If $a$ or $b$ are divisible by $3$ you are done. Otherwise there are two cases:

If they have the same remainder when divided by $3$ then $a-b$ is divisible by $3$.

If they have different remainders these must be $1$ and $2$ in some order so that $a+b$ has remainder $3$ on division by $3$, so is a multiple of $3$.

Answer 9

What is the relation of $a$ to its nearest multiple of 3? What is the relation of $b$ to its nearest multiple of 3? If you think of the problem this way, the infinitely many possibilities boil down to just a few scenarios.

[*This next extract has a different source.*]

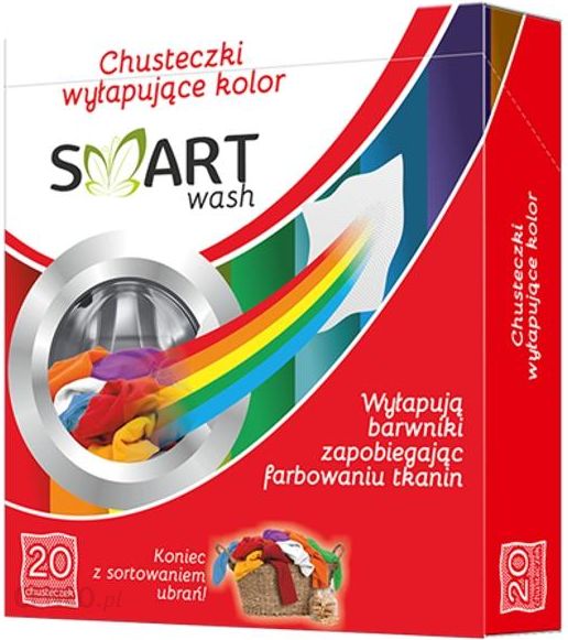 SMART WASH Chusteczki wyłapujące kolor 20 sztukSMART Wash Chusteczki wyłapujące kolor skutecznie wyłapują barwniki zapobiegając farbowaniu tkanin. Barwiące tkaniny mogą być uciążliwe podczas wykonywania codziennego prania. Do tej pory wymagały one czasochłonnego segregowania na podobne kolory. Z chusteczkami wyłapującymi kolor można baz obaw prać razem nawet kolorowe ubrania. Chusteczkę wkładamy do bębna pralki przed włożeniem prania. Używamy detergentu do prania jak zwykle i nastawiamy cykl prania. Po zakończonym praniu wyrzucamy chusteczkę. Chusteczki działają jak magnes wyłapując barwniki i brud unoszący się na wodzie. Chusteczki są odpowiedni do prania w pralce i prania ręcznego. Produkt biodegradowalny i bezpieczny dla środowiska.wyłapują barwniki zapobiegając farbowaniu tkaninidealne do prania ręcznego i prania w pralcebiodegradowalne i bezpieczne dla środowiska

Here $m$ and $n$ are both integers.

• If either $a = 3m$ or $b = 3n$, or both, you don't need to do anything else, you're done.
• If $a = 3m + 1$ and $b = 3n + 1$, then $a - b = (3m + 1) - (3n + 1) = 3m - 3n = 3(m - n)$.
• If $a = 3m + 2$ and $b = 3n + 2$, then $a - b = (3m + 2) - (3n + 2) = 3m - 3n = 3(m - n)$.
• If $a = 3m + 1$ and $b = 3n + 2$, then $a + b = (3m + 1) + (3n + 2) = 3m + 3n + 3 = 3(m + n + 1)$.
• If $a = 3m + 2$ and $b = 3n + 1$, then... you can figure this one out yourself.